Have Live Webinars Outlived their Usefulness?

Remember the days when watching your favorite TV show meant being in front of the television at a specific time on a specific day? Even for a boomer like me, those days are a distant memory.

Why then, in a world of on-demand, streaming, watch-where-when-and-how-you-like content, do we B2B marketers still insist on promoting live Webinars, and expect attendees to show up on a specific day at a specific time, fully cognizant they’ll have the option to watch the recorded event at a later date?

Live Webinars

These days, Webinars are a tougher sell than ever, especially for “first touch” lead generation. Most CPL publishers and other lead generation companies won’t even promote live events. At our agency, we generally recommend live Webinars only as part of a client’s lead nurture or customer marketing or partner marketing programs, where there’s already a relationship and a measure of brand recognition.

Even then, registration rates for live Webinars are well off their pre-COVID peaks (especially compared to downloadable content), and the ratio of registrants who actually show up for the live event is much less than the 50 percent standard of just a few years ago.  (Blame work-from-home distractions, amongst other factors.)

Why then do live Webinars continue to be such a staple of the B2B demand generation mix?  Two reasons, I suggest:

One, Webinars require less work and fewer creative cycles, on balance, compared to, say: an ebook or a white paper.  In their most basic form, Webinars are a 20-slide PowerPoint deck and a demo.  When the boss wants a campaign to launch in 4 weeks, it’s much easier to create a Webinar deck and the event invitation in parallel than it is to attempt even a modest ebook and the campaign assets to promote it.

Two, salespeople love Webinars.  There’s the long-held perception that Webinars generate better leads than other types of content, and that Webinar leads are more qualified, based on the theory, one supposes, that Webinar attendees are more motivated and thus further along in the sales cycle, or at least more likely to engage with sales.

The “Webinars generate better leads” argument may have an element of truth to it (Webinar leads probably ARE more motivated, on average) but there’s a price to pay for that increased quality.  Webinars generate substantially fewer leads, all things being equal, compared to on-demand content covering the same topic.  Anecdotally, if a reader is promised the same benefits (“what you’ll learn”) from a Webinar and an ebook, he/she is more than twice as likely to download the ebook.

Have Live Webinars Outlived their Usefulness? Share on X

So yes, a Webinar lead might be more qualified by virtue of being willing to dedicate 45 minutes of his/her time.  However, by making those 45 minutes the price of admission, as it were, you’re eliminating a much larger subset of leads who may well have the problem your product can solve, have a genuine interest in your solution, and simply don’t want to set aside 45 minutes to hear about it.  Or don’t attend live Webinars.  Or happen to be busy next Tuesday at 11 AM Pacific.

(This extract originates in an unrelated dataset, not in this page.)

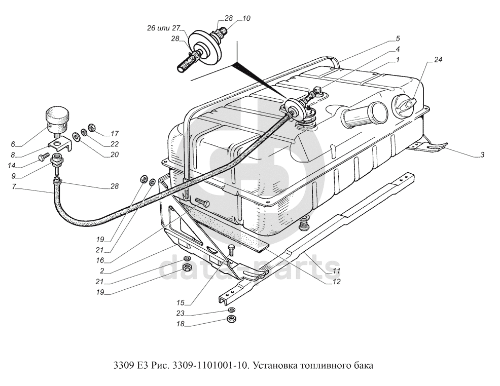 3309-1101001-10. Установка топливного бака ГАЗ-3309 (доп. с дв. ЗМЗ Е 3)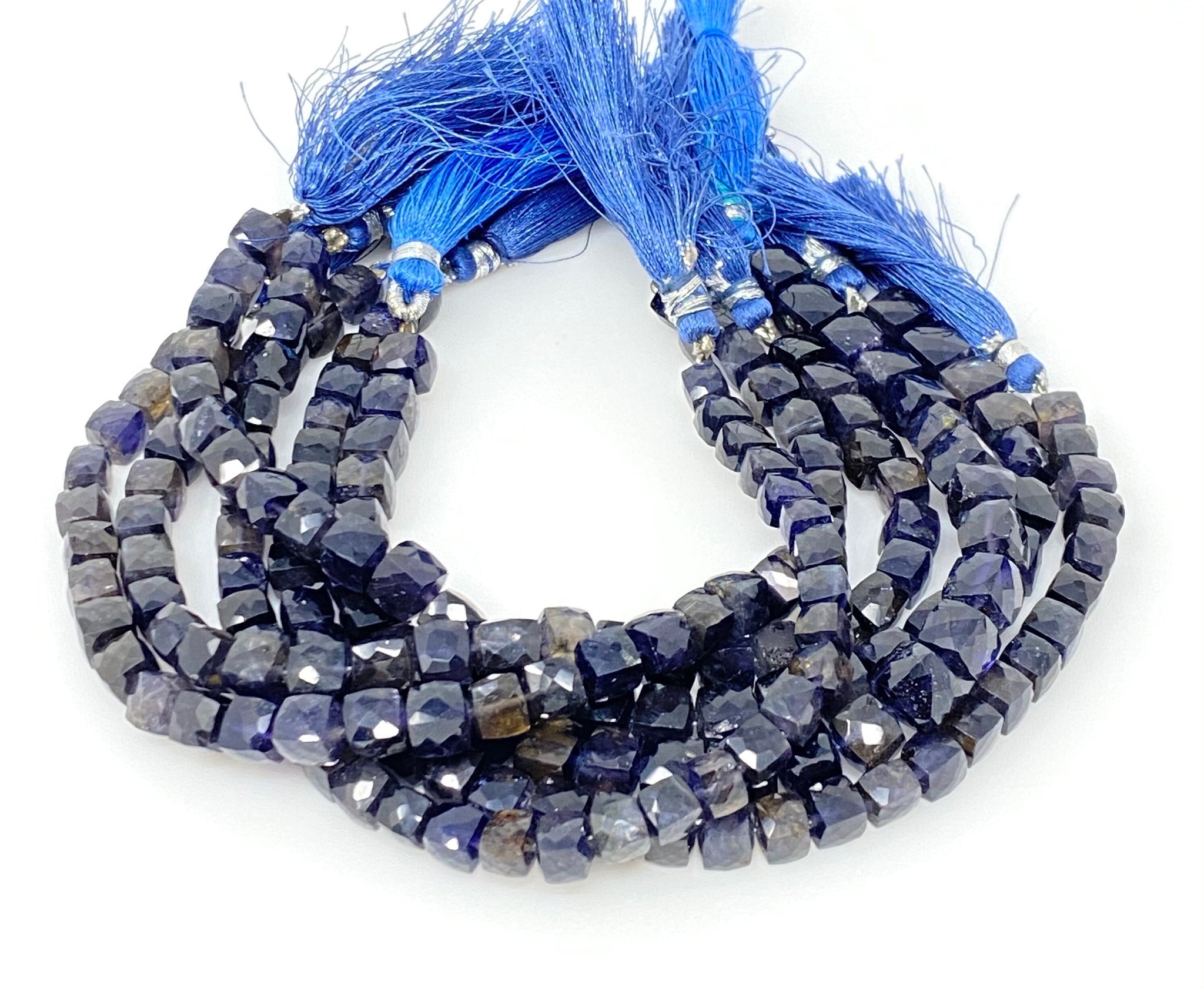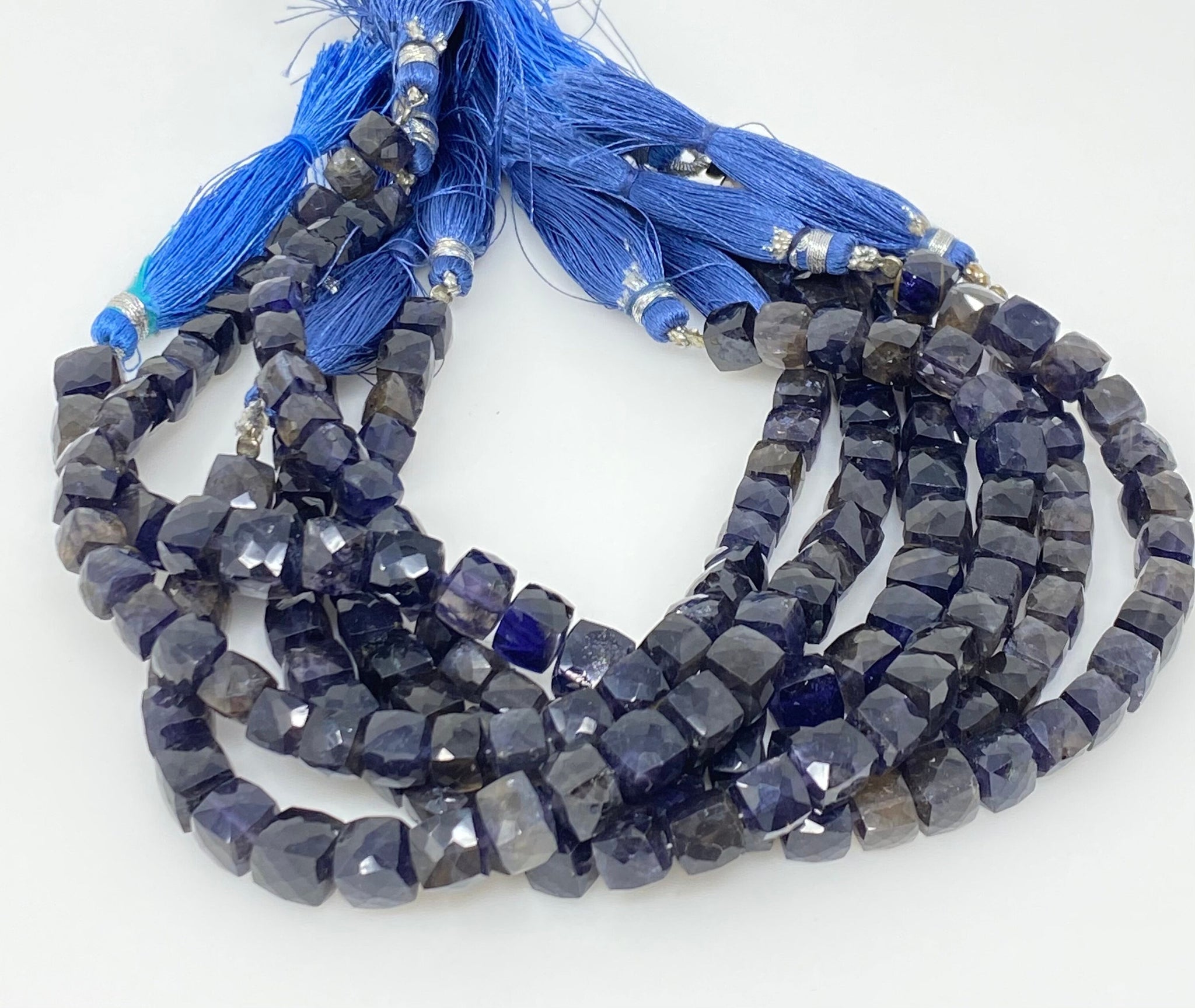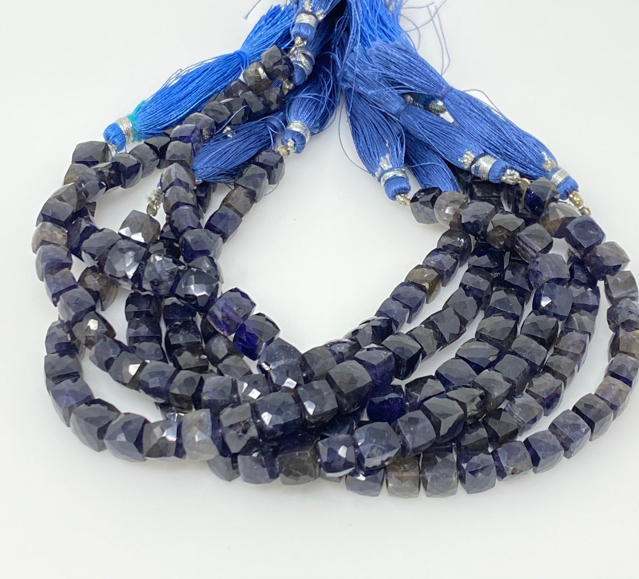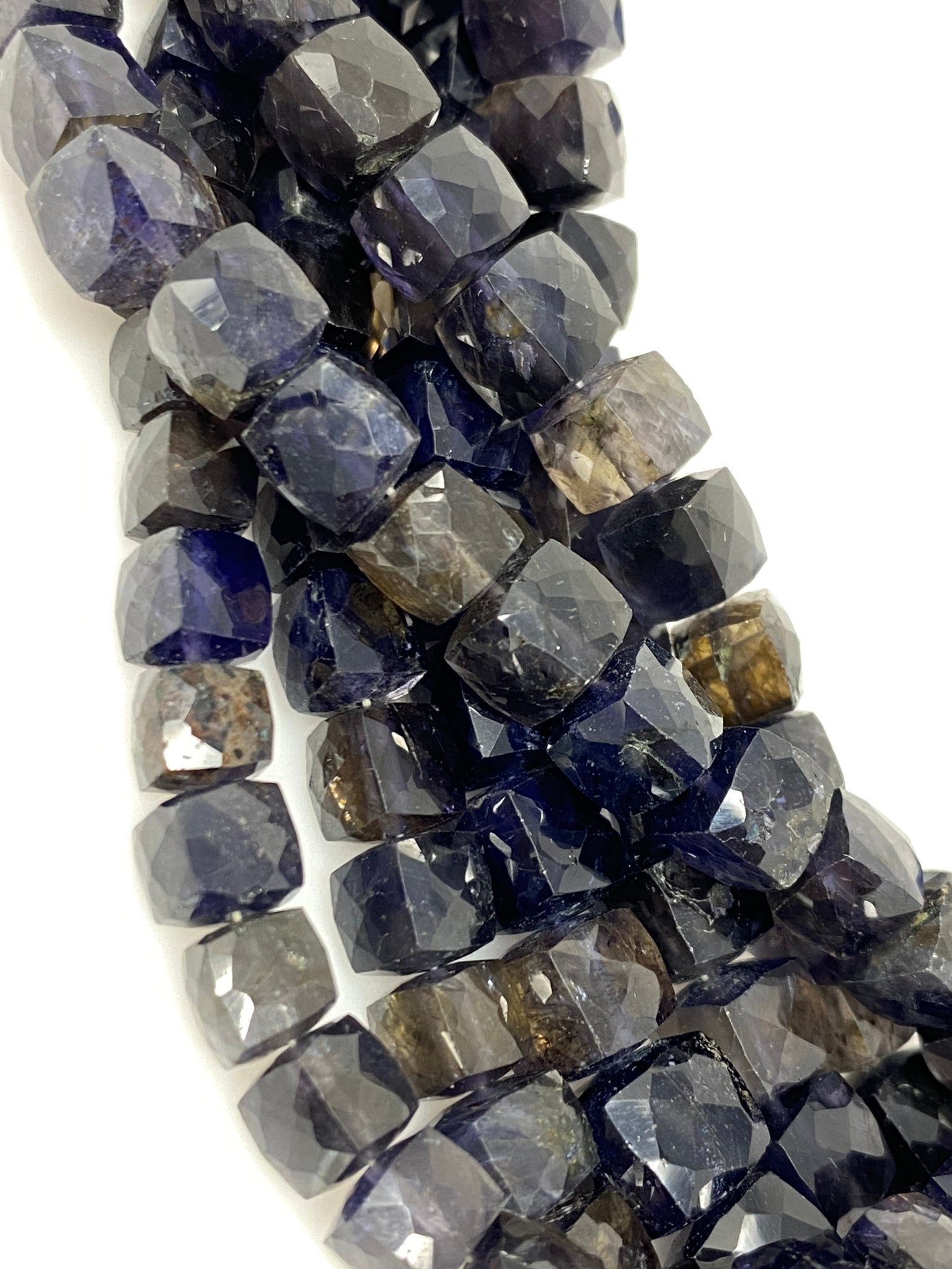 Natural Iolite Beads, Gemstone Beads, 3D Cube Box Beads, Wholesale Bulk Beads, 8" Strand

With the possible exception of the use cases mentioned earlier (mid-funnel lead nurturing, customer marketing), I’d maintain that live Webinars have outlived their usefulness, and are an anachronism in an era of on-demand content. Instead, B2B marketers should:

* Record Webinars and promote them as on-demand events, skipping the live broadcast altogether
* Test other, non-Webinar terms for the recording: video podcast, expert roundtable, fireside chat, panel discussion (buyers are burned out on the term “Webinar” as much as they are on the events themselves)
* Promote the recorded event via lead nurture streams, content syndication, paid social ads, Google Display
* Host the recorded event as a gated asset in the company’s online resource library
* Select multiple, short excerpts from the Webinar recording (think 20-30 seconds) and promote on social media as a “teaser” with a link to a registration page for the full recording
* Use a transcription service like Rev.com to find pull quotes or impact statements that can be used as social updates or quote images that link to the recording
* Repurpose the same Webinar content as blog posts, infographics, tip sheets and other short-form assets (again, with a link to the full recording)

Companies have long since generated more leads, and value, and ROI from Webinar recordings than they do from the initial, live event. It’s time, I would argue, to do away with the live event altogether.